Olivier Latry a régné triomphalement vendredi sur les orgues de la collégiale de Neuchâtel pour ce deuxième récital «Les célébrités».

30 oct. 2006, 12:00

Ce qui impressionne peut-être le plus, chez l'organiste de Notre-Dame de Paris, est sa puissance de concentration. Une dizaine de secondes de recueillement entre les oeuvres, d'une rare intensité, puis la supermachine Latry se met en route, enchaînant imperturbablement, mais avec présence et chaleur, les pièces les plus longues et les plus difficiles, demi-dieu sur sa console, sans la moindre partition.

L'entrée est constituée de plusieurs mets de grande cuisine française, où le baroque finissant se mêle aux aubes de la Révolution: «Grand dialogue» de Louis Marchand, où le brillant des jeux d'anches ne cache pas un sens délicat et souple de l'articulation à la française, «Livre de Dijon» de Balbastre, noble et un peu apprêté, dans un mélange étonnant de style sévère et galant, «Noël» de Dacquin, ostentatoire à grand renfort de fanfares.

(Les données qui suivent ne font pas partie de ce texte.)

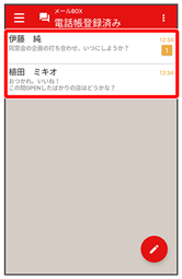 - 電話帳に登録済みの相手とのメールを確認するときは、電話帳登録済みをタップします。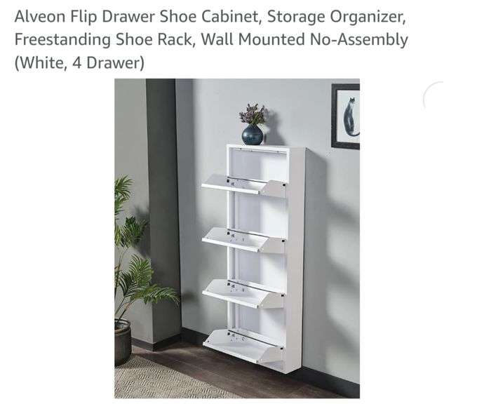 Alveon Flip Drawer Shoe Cabinet, Storage Organizer, Freestanding Shoe Rack, Wall Mounted No-Assembly (White, 4 Drawer)

Mozart ahurissant et improvisation authentique

La «Passacaille» en ut mineur de Bach permet de mesurer la puissance de Latry. Après une introduction simple et solennelle au pédalier, un jeu de variations nous emmène vers toujours plus de virtuosité, avant d'être repris, comme si de rien n'était, comme thème d'une fugue monumentale. Le musicien enchaîne ces cascades de notes avec une aisance souveraine.

La transition avec un Andante de Mozart galant et exquis évoquant le glockenspiel, dans les flûtes de l'aigu du clavier, n'en est que plus savoureuse. Le jubilé de cette année a le mérite de nous rappeler l'existence de l'intéressante oeuvre d'orgue du maître viennois. La page de choix de ce concert demeure en effet l'autre face de Mozart, d'un dramatisme fou dans sa «Fantaisie» en fa mineur. Des modulations ahurissantes, une narration éclatée, au bord de l'abîme sont éclairées par un tempo infernal choisi par l'organiste et assumé par sa technique.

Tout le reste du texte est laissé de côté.